"Jadi bagian ritual itu adalah local wisdom. Nah pemerintah mengekploitasi local wisdom itu untuk menutup kedunguan anggaran. Kan ini soalnya. Jadi yang mabuk pemerintah, yang bakal disalahin rakyat," ujar Rocky Gerung.
Lebih lanjut, Rocky Gerung menjelaskan, meski minum-minuman keras ada dalam tradisi rakyat Papua, tapi masyarakat dan Gubernur Papua pernah marah saat dulu semua toko seolah-olah membebaskan minuman keras.
"Di Manado, Minahasa juga begitu, berbagai kejahatan terjadi karena eksesif dalam produksi miras yang disponsori kepentingan kapital," ucap Rocky Gerung.
Menurutnya, keberadaan miras akan semakin menjadi masalah, ketika produksinya disponsori oleh kaum kapitalis.
"Minuman keras menjadi problem kita karena disponsori oleh kapital.

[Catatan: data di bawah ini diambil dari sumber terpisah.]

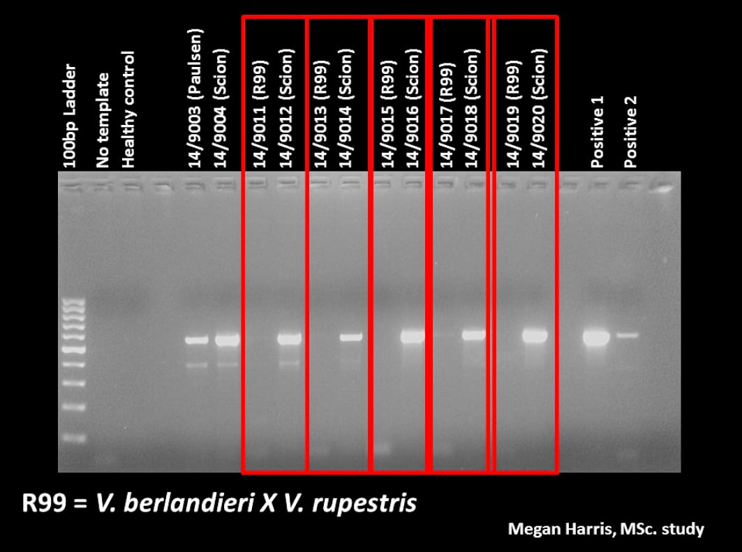 FIGURE 9. Results of a RT-PCR reaction for GLRaV-3 on electrophoresis gel. The presence of the white bands above is clear in the scion of any vine, but not in its corresponding Richter 99 rootstock (each red rectangle represents a single vine).

Ketika investasinya dibuka, tidak lagi disebut negatif, dengan sendirinya berlaku prinsip pasar. Jadi begitu ada produksi, maka akan ada promosi. Promosi itu yang membahayakan, karena kemampuan aparat untuk mengawasi buruk sekali," tutur Rocky Gerung.
Selain itu, Rocky Gerung juga menduga, nantinya miras bukan hanya dilegalkan saja, tapi juga dijadikan cara untuk menghasilkan devisa.
"Lebih dari itu akan dipakai sebagai cara untuk menjadikan minuman keras sebagai konsumsi yang bukan sekedar legal, tapi cara untuk menghasilkan devisa. Jadi etikanya itu yang buruk, mencari devisa dengan memabukkan orang," tuturnya.